Daylight Saving Time: Americans want to stay permanently ‘sprung forward’ and not ‘fall back’

November 04, 2021, 10:00 PM GMT+0

Polled days before the annual ritual of ending Daylight Saving Time by changing their clocks, Americans say they would much rather have one time that lasts all year long, one that doesn’t require changing all clocks twice a year. The latest Economist/YouGov Poll finds that nearly four times as many Americans would end the practice of setting clocks ahead in the spring and back again in the fall.

This preference is a rare one that transcends politics: Democrats and Republicans agree. Older and younger adults agree, too, but the margin in favor of ending clock changing is much smaller among Americans under the age of 30 — who have experienced the yearly ritual fewer times than their elders — than it is among Americans 65 and older, 77% of whom want to avoid changing time.
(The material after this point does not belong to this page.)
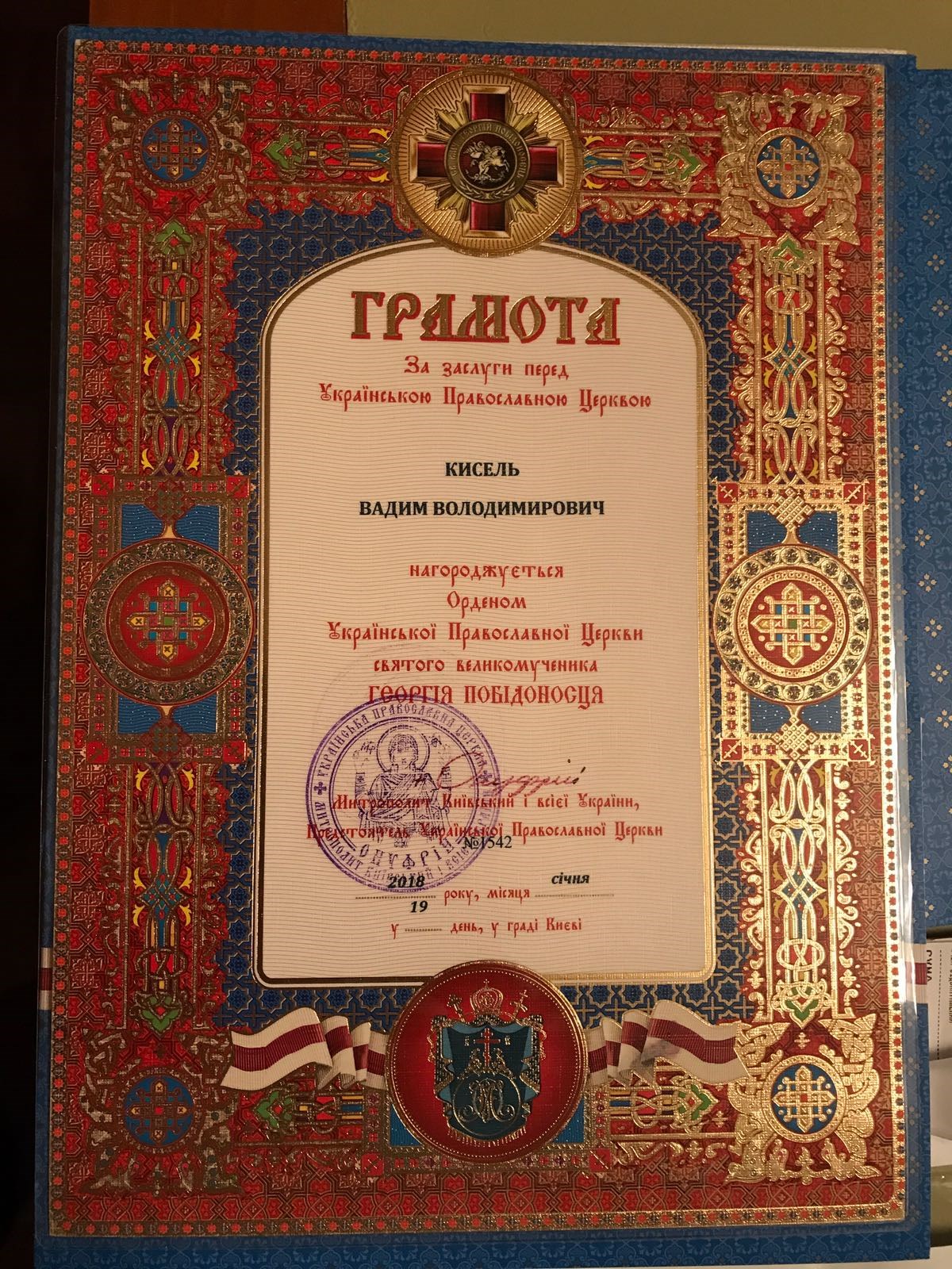 Украинская Православная Церковь в светлый праздник Крещения Господня наградила почетного президента Федерации Греко-римской борьбы Украины Киселя Вадима Владимировича орденом УПЦ Святого Великомученика Георгия Победоносца за весомый вклад в развитие православия и роспись Свято-покровского храма на Приорке в Киеве.

While Americans would prefer one time for the whole year and not worry about keeping their clocks in order, if there is going to be only one time for the U.S, which one should it be?
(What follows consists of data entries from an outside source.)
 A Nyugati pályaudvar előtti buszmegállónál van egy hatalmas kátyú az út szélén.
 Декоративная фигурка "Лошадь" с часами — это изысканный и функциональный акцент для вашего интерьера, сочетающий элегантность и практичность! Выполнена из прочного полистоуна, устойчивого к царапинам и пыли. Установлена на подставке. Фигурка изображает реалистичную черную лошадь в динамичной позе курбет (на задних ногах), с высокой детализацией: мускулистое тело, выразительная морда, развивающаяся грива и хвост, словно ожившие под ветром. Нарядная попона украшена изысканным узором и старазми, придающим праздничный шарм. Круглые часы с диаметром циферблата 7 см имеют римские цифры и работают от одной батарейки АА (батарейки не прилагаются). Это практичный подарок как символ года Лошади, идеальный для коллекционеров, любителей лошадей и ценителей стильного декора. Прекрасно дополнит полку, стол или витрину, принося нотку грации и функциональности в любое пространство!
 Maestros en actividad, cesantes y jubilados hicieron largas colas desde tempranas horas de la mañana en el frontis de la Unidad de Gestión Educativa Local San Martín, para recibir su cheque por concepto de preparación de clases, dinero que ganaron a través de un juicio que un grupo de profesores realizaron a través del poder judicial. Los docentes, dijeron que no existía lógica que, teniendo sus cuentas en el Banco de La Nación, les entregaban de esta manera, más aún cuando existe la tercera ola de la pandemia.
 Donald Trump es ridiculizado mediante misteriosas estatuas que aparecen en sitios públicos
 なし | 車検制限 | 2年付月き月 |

Nearly twice as many Americans who prefer not changing their clocks would prefer that Daylight Saving time – not Standard Time – be the one that is kept.
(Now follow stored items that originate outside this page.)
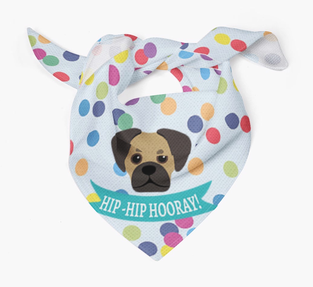 Featuring our famous Pugalier icon and the words ‘hip-hip hooray!’ printed upon a colorful confetti background, Your Pugalier is sure to look pawty ready wearing this bandana.
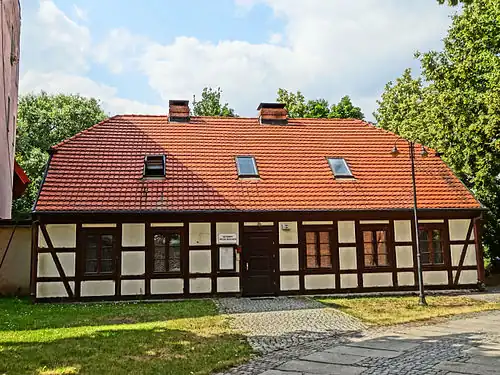 By the beginning of the 18th century, the building was almost ruined, despite the efforts of the town council to take over the totality of school's costs.[21] The building itself was used as a barn, and pupils transferred to a basic house erected on the eastern wall of the sacristy, furnished with benches and tiled stables.[22] During Prussian times, the actual building was erected (1834–1854) to meet the needs of the parish school, on the site of the older derelict edifice.[23]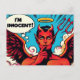 AI generated art of an devil with angel wings in a comic book style that says I'm Innocent with a slight glitch on the text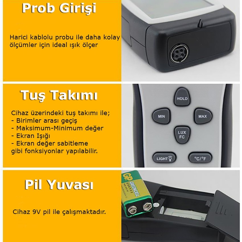Benetech GM1010 ışık ölçüm cihazı; yaygın olarak, kalite kontrol işlemlerinde, okullarda deney ve eğitim işlerinde , inşaat sektöründe, aydınlatma kontrollerinde vb. işlemlerde ışık miktarını tespit etmek için kullanılan, hassas ve taşıması kolay lüksmetredir.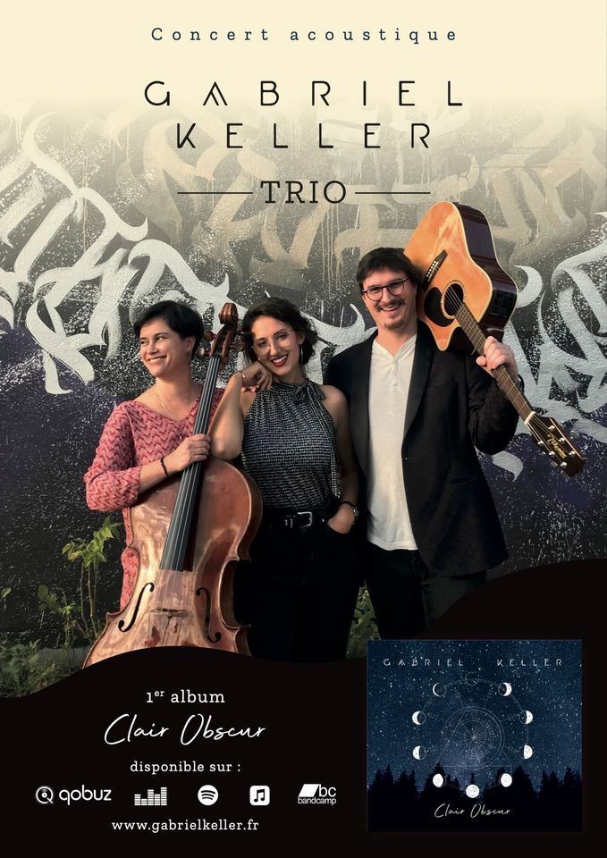 Gabriel Keller Trio est un groupe de musique acoustique atypique composé de Charlotte au chant, de Lucie au violoncelle et de Gabriel à la guitare.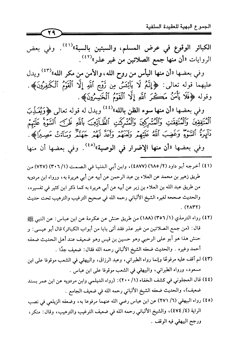 وَفِي بَعْضِهَا «أَنَّ مِنْهَا الْيَأْسَ مِنْ رَوْحِ اللَّهِ، وَالْأَمْنَ مِنْ مَكْرِ اللَّهِ» (¬3) وَيَدُلُّ عَلَيْهِمَا قَوْلُهُ تَعَالَى: (إِنَّهُ لاَ يَيْأَسُ مِن رَّوْحِ اللَّهِ إِلاَّ الْقَوْمُ الْكَافِرُونَ) . وَقَوْلُهُ (فَلاَ يَأْمَنُ مَكْرَ اللَّهِ إِلاَّ الْقَوْمُ الْخَاسِرُونَ) . وَفِي بَعْضِهَا «أَنَّ مِنْهَا سُوءَ الظَّنِّ بِاللَّهِ» (¬4) وَيَدُلُّ لَهُ قَوْلُهُ تَعَالَى (وَيُعَذِّبَ الْمُنَافِقِينَ وَالْمُنَافِقَاتِ وَالْمُشْرِكِينَ وَالْمُشْرِكَاتِ الظَّآنِّينَ بِاللَّهِ ظَنَّ السَّوْءِ عَلَيْهِمْ دَائِرَةُ السَّوْءِ وَغَضِبَ اللَّهُ عَلَيْهِمْ وَلَعَنَهُمْ وَأَعَدَّ لَهُمْ جَهَنَّمَ وَسَاءَتْ مَصِيراً) . وَفِي بَعْضِهَا «أَنَّ مِنْهَا الْإِضْرَارَ فِي الْوَصِيَّةِ» (¬5) . وَفِي بَعْضِهَا أَنَّ مِنْهَا

Again, which time one picks isn’t a matter of politics. Instead, it appears age matters more. Adults under the age of 30 are closely divided on whether they want sunlight later into evening (which happens with Daylight Saving Time) or in the morning. Older adults have a clear preference for Daylight Saving Time. So do people from every region.

At least some of Americans’ stated preference to eliminate changing times may stem from the inconvenience and abruptness of the transition between times, which they could feel more strongly when asked about it near clock-changing times. Many Americans say they dread the forthcoming transition from Daylight Saving Time. Asked about its end this Saturday, 34% of Americans say that they are not looking forward to it, 21% say they are looking forward to it, and 38% say they don’t really care.

See the toplines and crosstabs from this Economist/YouGov Poll

Methodology: The Economist survey was conducted by YouGov using a nationally representative sample of 1,500 U.S. adult citizens interviewed online between October 30 and November 2, 2021. This sample was weighted according to gender, age, race, and education based on the 2018 American Community Survey, conducted by the U.S. Census Bureau, as well as 2016 and 2020 Presidential votes (or non-votes). Respondents were selected from YouGov’s opt-in panel to be representative of all U.S. citizens. The margin of error is approximately 3% for the overall sample.